* [WHAT TO WORK ON]:
Reproduce all of the entries character for character, while leaving out any pictures they contain.

INPUT FOR THIS TASK section start

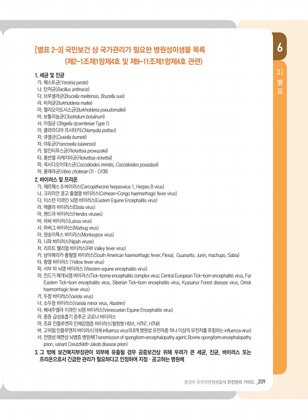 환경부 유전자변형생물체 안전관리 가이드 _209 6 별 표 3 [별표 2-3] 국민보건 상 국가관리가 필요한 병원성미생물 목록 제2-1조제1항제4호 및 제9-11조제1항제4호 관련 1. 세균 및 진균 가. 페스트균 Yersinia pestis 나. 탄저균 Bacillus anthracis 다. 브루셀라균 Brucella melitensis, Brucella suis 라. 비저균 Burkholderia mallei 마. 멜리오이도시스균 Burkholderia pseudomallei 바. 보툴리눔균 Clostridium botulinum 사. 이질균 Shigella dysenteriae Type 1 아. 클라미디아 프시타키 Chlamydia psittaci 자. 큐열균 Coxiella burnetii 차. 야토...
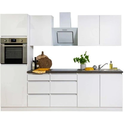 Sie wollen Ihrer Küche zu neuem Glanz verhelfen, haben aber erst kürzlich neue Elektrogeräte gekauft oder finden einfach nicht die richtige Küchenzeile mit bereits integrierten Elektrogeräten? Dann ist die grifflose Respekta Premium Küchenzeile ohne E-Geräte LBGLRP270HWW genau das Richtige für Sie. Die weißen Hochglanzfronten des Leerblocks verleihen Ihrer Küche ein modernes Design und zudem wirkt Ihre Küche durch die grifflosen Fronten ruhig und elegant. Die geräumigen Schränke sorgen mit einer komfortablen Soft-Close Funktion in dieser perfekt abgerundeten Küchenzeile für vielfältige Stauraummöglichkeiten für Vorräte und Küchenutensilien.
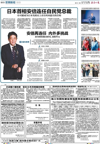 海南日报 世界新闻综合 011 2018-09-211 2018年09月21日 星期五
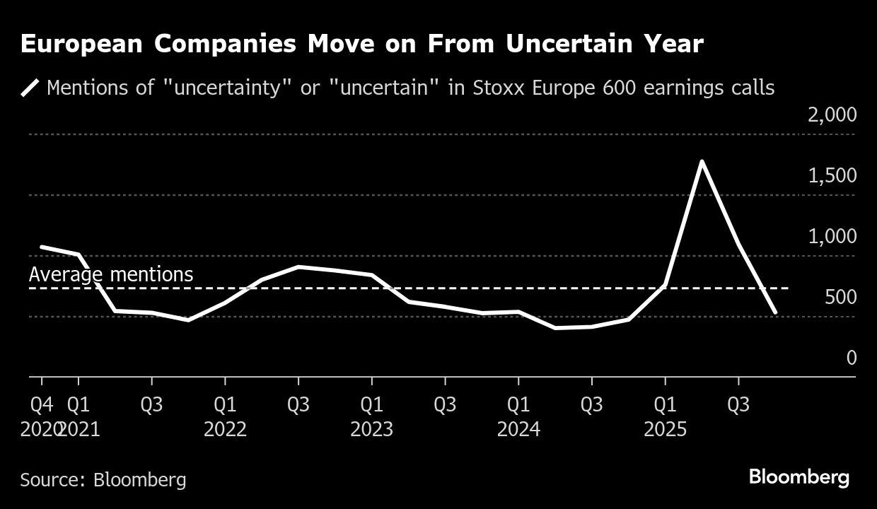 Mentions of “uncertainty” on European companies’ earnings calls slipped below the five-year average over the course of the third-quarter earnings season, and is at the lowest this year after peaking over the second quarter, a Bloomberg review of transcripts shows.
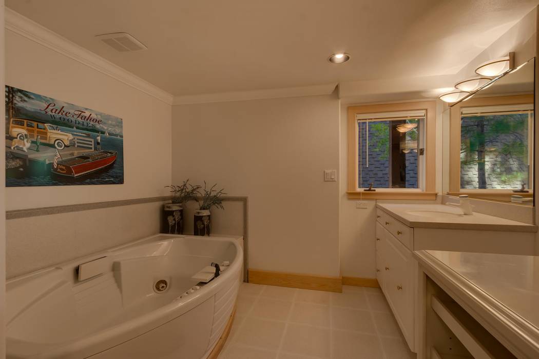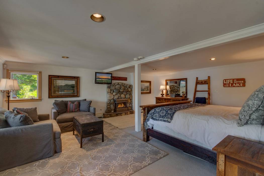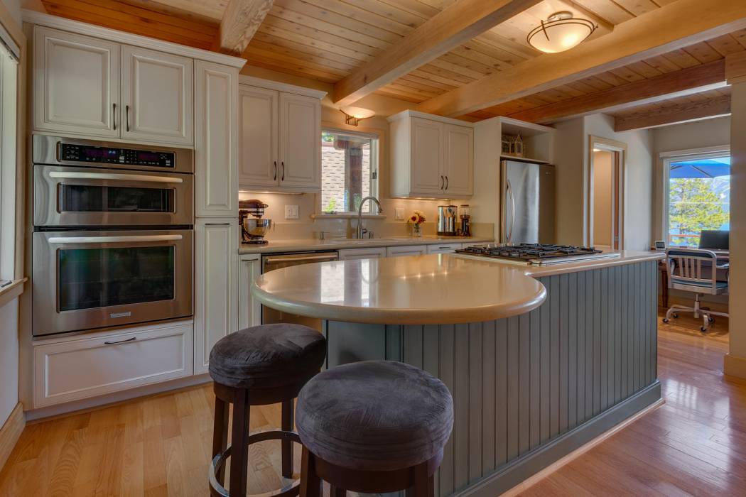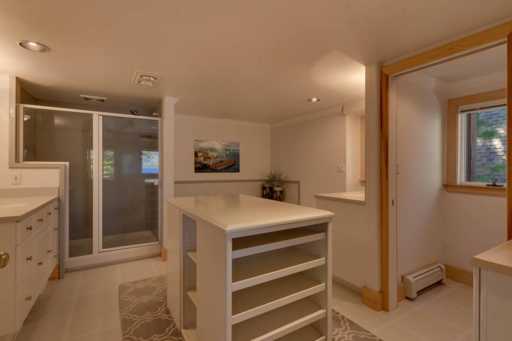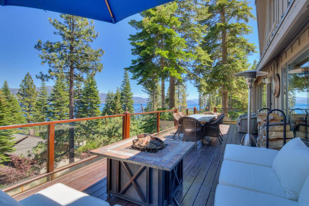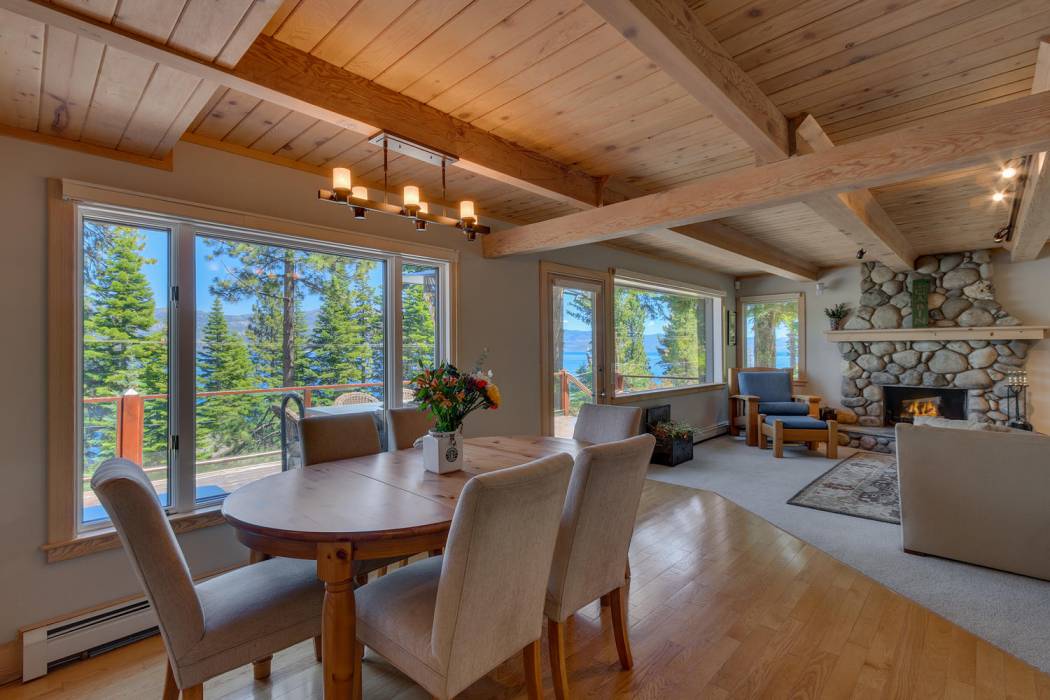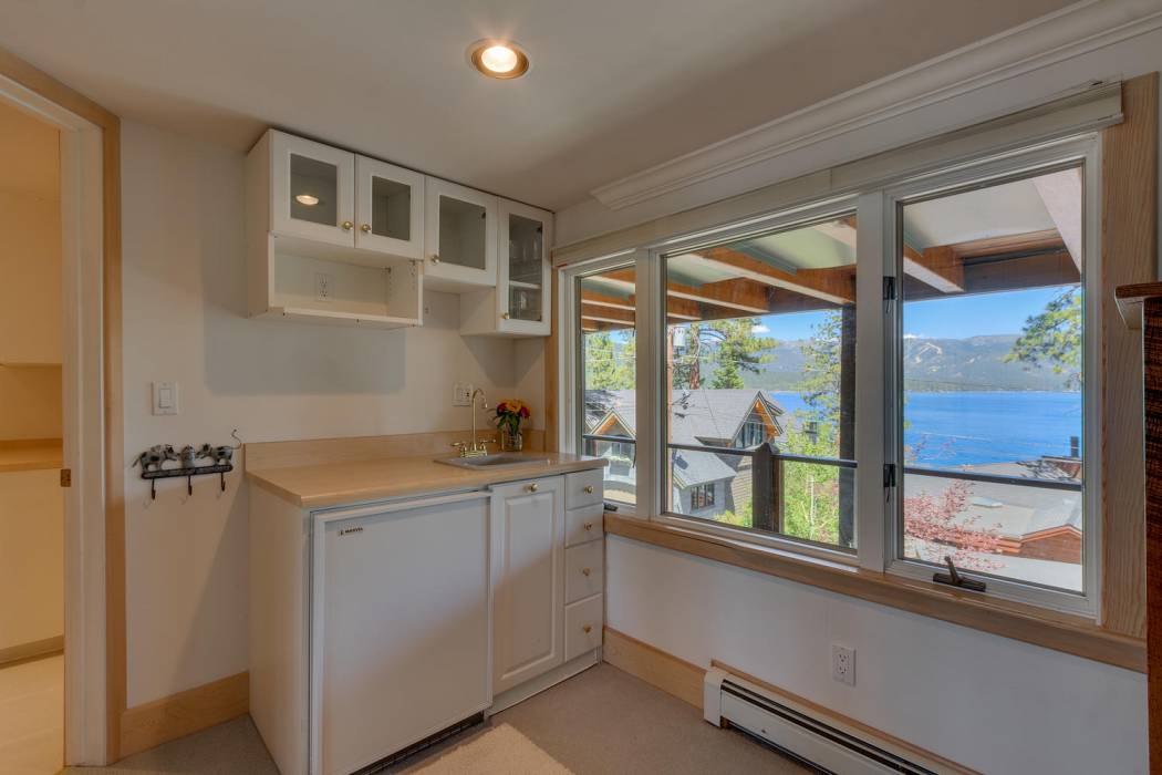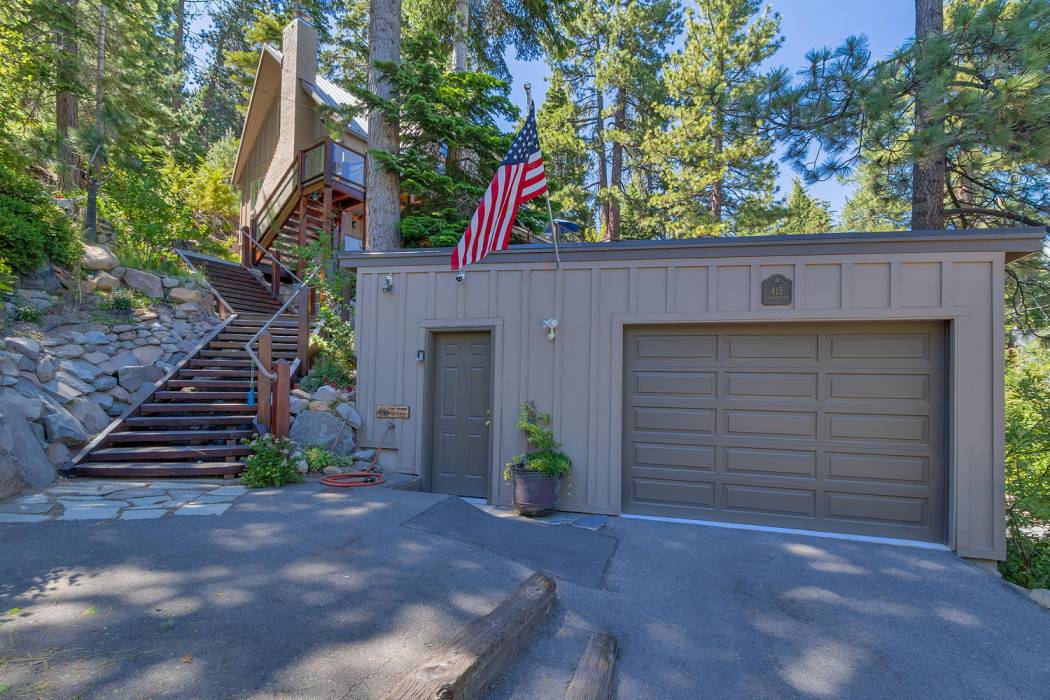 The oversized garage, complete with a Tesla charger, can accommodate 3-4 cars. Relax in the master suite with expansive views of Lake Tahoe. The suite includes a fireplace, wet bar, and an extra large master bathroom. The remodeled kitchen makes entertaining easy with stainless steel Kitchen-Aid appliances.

INPUT FOR THIS TASK section end

* [REPLY TO THE EXERCISE]:
 환경부 유전자변형생물체 안전관리 가이드 _209 6 별 표 3 [별표 2-3] 국민보건 상 국가관리가 필요한 병원성미생물 목록 제2-1조제1항제4호 및 제9-11조제1항제4호 관련 1. 세균 및 진균 가. 페스트균 Yersinia pestis 나. 탄저균 Bacillus anthracis 다. 브루셀라균 Brucella melitensis, Brucella suis 라. 비저균 Burkholderia mallei 마. 멜리오이도시스균 Burkholderia pseudomallei 바. 보툴리눔균 Clostridium botulinum 사. 이질균 Shigella dysenteriae Type 1 아. 클라미디아 프시타키 Chlamydia psittaci 자. 큐열균 Coxiella burnetii 차. 야토...
 Sie wollen Ihrer Küche zu neuem Glanz verhelfen, haben aber erst kürzlich neue Elektrogeräte gekauft oder finden einfach nicht die richtige Küchenzeile mit bereits integrierten Elektrogeräten? Dann ist die grifflose Respekta Premium Küchenzeile ohne E-Geräte LBGLRP270HWW genau das Richtige für Sie. Die weißen Hochglanzfronten des Leerblocks verleihen Ihrer Küche ein modernes Design und zudem wirkt Ihre Küche durch die grifflosen Fronten ruhig und elegant. Die geräumigen Schränke sorgen mit einer komfortablen Soft-Close Funktion in dieser perfekt abgerundeten Küchenzeile für vielfältige Stauraummöglichkeiten für Vorräte und Küchenutensilien.
 海南日报 世界新闻综合 011 2018-09-211 2018年09月21日 星期五
 Mentions of “uncertainty” on European companies’ earnings calls slipped below the five-year average over the course of the third-quarter earnings season, and is at the lowest this year after peaking over the second quarter, a Bloomberg review of transcripts shows.
 The oversized garage, complete with a Tesla charger, can accommodate 3-4 cars. Relax in the master suite with expansive views of Lake Tahoe. The suite includes a fireplace, wet bar, and an extra large master bathroom. The remodeled kitchen makes entertaining easy with stainless steel Kitchen-Aid appliances.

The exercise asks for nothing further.